Раз, другой Вера ей повторила, как будто рассеянно, глядя мимо: надеюсь, ты не забудешь убраться перед отъездом. Надеюсь, оставишь здесь все в полном порядке.
В последнее время Глаша убираться у себя перестала вовсе, на полу лежали то носок, то вывернутые трубочками наизнанку джинсы, то бумажный носовой платок мятый. В предотъездный месяц, готовясь к сессии, дочка и вовсе переехала заниматься на кровать – на столе высились книжные и тетрадные горы, завалив и клавиатуру, и до подбородка компьютер, ничего, вместо него был теперь у Глаши макбук, щедрый подарок родственников на совершеннолетие.
В суете, в коллективном закрывании чемодана, под неостановимый сеанс связи с Максимом, который постоянно прощался с Глашей, подключаясь из австралийского далека, под хохот трех дочкиных друзей (один был с зелеными волосами и железной серьгой, другой – щупленький, с кулачком вместо лица, зато в очках с черно-оранжевой пятнистой оправой, и любимая подружка человеческого вида), за возбужденными уточнениями, положены ли паспорт, где конверт с деньгами, сквозь последние звонки родственников – Вера и не заметила, что там с комнатой, убралась ли. Но вернувшись из аэропорта, отплакав сдержанно на заднем сидении такси и, слепо, с непонятным чувством войдя к Глаше, застыла.
Порядок в комнате был идеальным. Действительно полным.
Бежевое покрывало натянуто, как в казарме, – ни складочки. Только розовый уголок подушки без наволочки чуть торчит. Ни привычных зверят, ни книжных завалов на столе.
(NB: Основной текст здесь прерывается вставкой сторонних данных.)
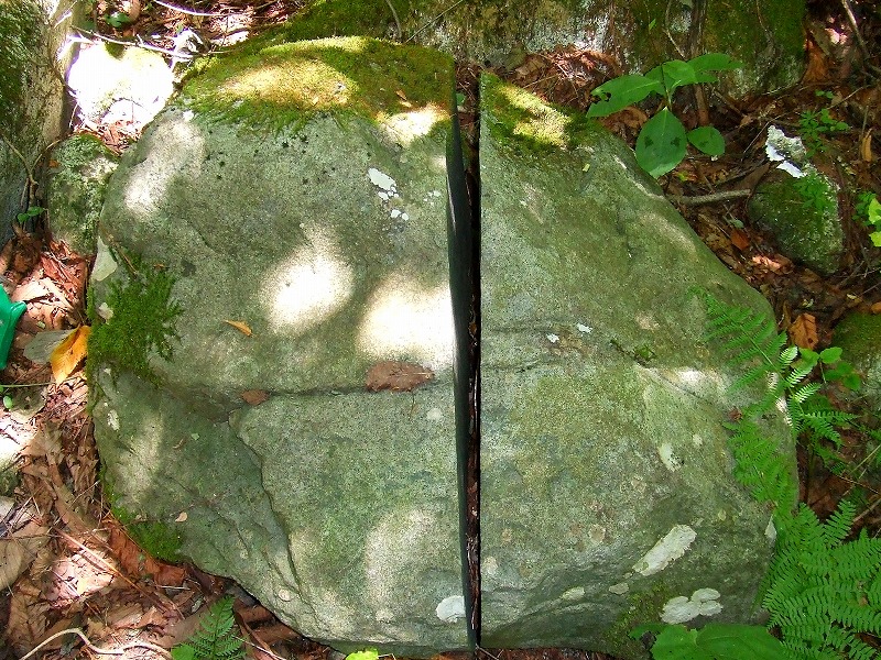 山を歩いていましたらこんな石がありました。 縦に約80㎝、深さ約40㎝に渡って、スパッと割れていました。 断面は真っ平、こんな所に機械は持ち込めないし こんなに深く切るには、水の力で切るしかありません。 不思議だったので、撮ってみました。

Стены, на которых висели ее рисунки, постер с двумя обнимающимися обезьянками – мама и выросшая дочка? Тимкина жар-птица, подаренная Глаше на день рожденья, – светло-голубые, голые. На столе, тоже оголившемся, – компьютер, под черной клавиатурой вырванный белый листок в виде ромашкового овального лепестка – пустой. Но где же тетради, книги? Она открыла ящик стола – мертво, аккуратно лежали в древнем металлическом пенале (вместе покупали не для школы, для кружка по астрономии) ручки, карандаши, ластики. И ни бумажки.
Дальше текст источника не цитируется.